The city's ethnic heritage illuminates different neighborhoods throughout the five boroughs. Manhattan's Chinatown remains a vibrant center of New York City's Chinese community, though in recent years the very large Chinese community in Flushing, Queens, has rivaled if not eclipsed it in importance, and three other Chinatowns have formed in New York City: the Brooklyn Chinatown in Sunset Park; the Elmhurst Chinatown in Queens; and the Avenue U Chinatown located in the Homecrest section of Brooklyn. Traces of the Lower East Side's once-thriving Jewish community still exist amid the newly-gentrified neighborhood's trendy restaurants and bars, but there are Chassidic communities in Borough Park, Crown Heights and Williamsburg, Brooklyn. Harlem has been gentrifying and diversifying and remains a center of African-American culture in New York. East (Spanish) Harlem still justifies its reputation as a large Hispanic neighborhood. Little known to most tourists are the large Dominican neighborhoods of Hamilton Heights and Washington Heights in upper Manhattan. Brooklyn's Greenpoint is famous for its large and vibrant Polish community, and the Flatbush section - once home to the Brooklyn Dodgers - is today a huge and thriving Caribbean and West Indian section. Queens and Brooklyn are known for being home to many of New York's more recent immigrant groups, which since 1990 have included large numbers of Russians, Uzbeks, Chinese, Irish, French, Filipinos, Yugoslavians, Indians, Pakistanis, Bangladeshis, Japanese, Koreans, Thais, Africans, Arabs (from throughout the Middle East and northern Africa), Mexicans, Dominicans, Ecuadorians, Brazilians, Colombians and Jamaicans.

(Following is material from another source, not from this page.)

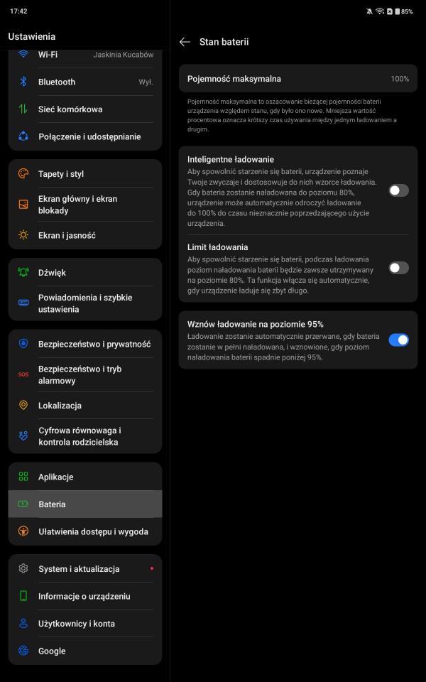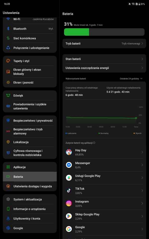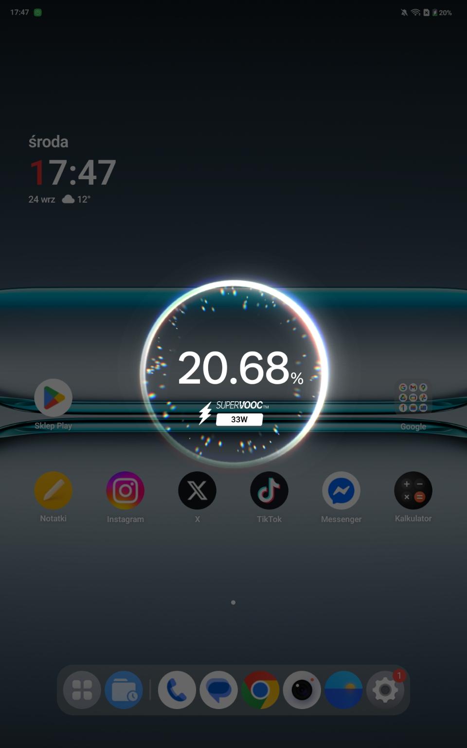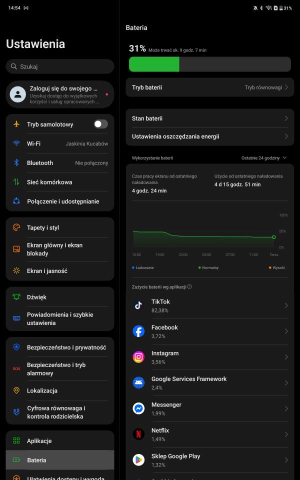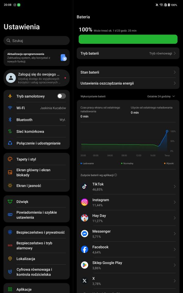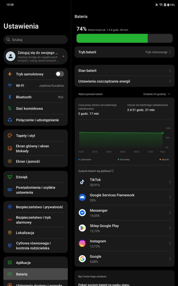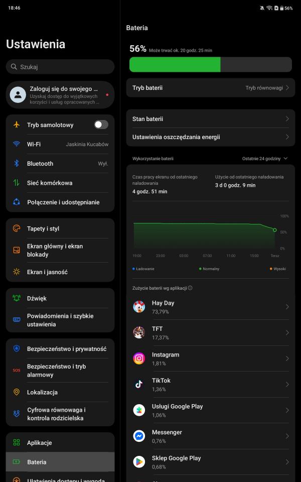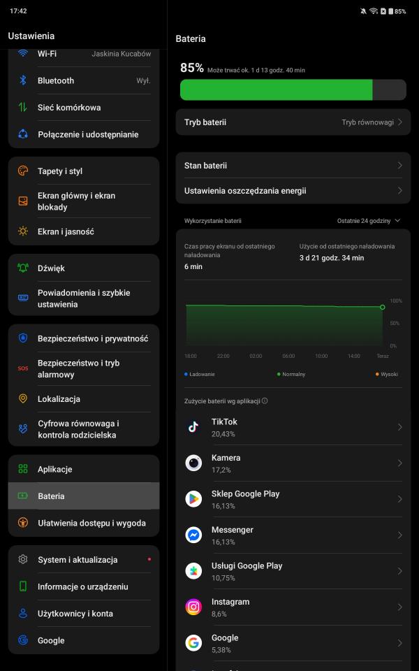 Bateria i czas działania na jednym ładowaniu to na ten moment chyba jeden z najważniejszych aspektów podczas wybierania nowego urządzenia. OnePlus Pad Lite może pochwalić się baterią o pojemności 9340 mAh, co jest całkiem solidnym wynikiem, nawet jak na tablet. Podczas zwykłego użytkowania (mam tu na myśli przeglądanie mediów społecznościowych czy oglądanie serialu) tablet potrafi działać przez 2-3 dni. Ba, nawet jak oglądałam dłużej TikToka codziennie, to nie musiałam się martwić o to, że trzeba tablet podłączyć za moment do ładowarki. Kiedy użytkowany był sporadycznie i więcej sobie leżał, osiągał notę prawie 6 dni. To się może podobać, tym bardziej że w trybie czuwania ma działać ponad 50 dni.

New York City is home to 46 Fortune 500 companies. Its 2009 gross metropolitan product of $1.265 trillion was the largest of any American city and represented approximately 9% of the American economy. If it were a nation, the city would have the 16th-highest GDP in the world.
New York is the national center for several industries. It is the home of the three largest U.S. stock exchanges (NYSE, NASDAQ, and AMEX) and many banking and investment firms. Though these companies have traditionally been located in the area around Wall Street in Financial District, many have offices in other parts of the city, such as Midtown. New York is the hub of the country's publishing, fashion, accounting, advertising, media, legal, theater, and art industries. The city boasts several top-tier hospitals and medical schools, which train more physicians than those in any other city in the world.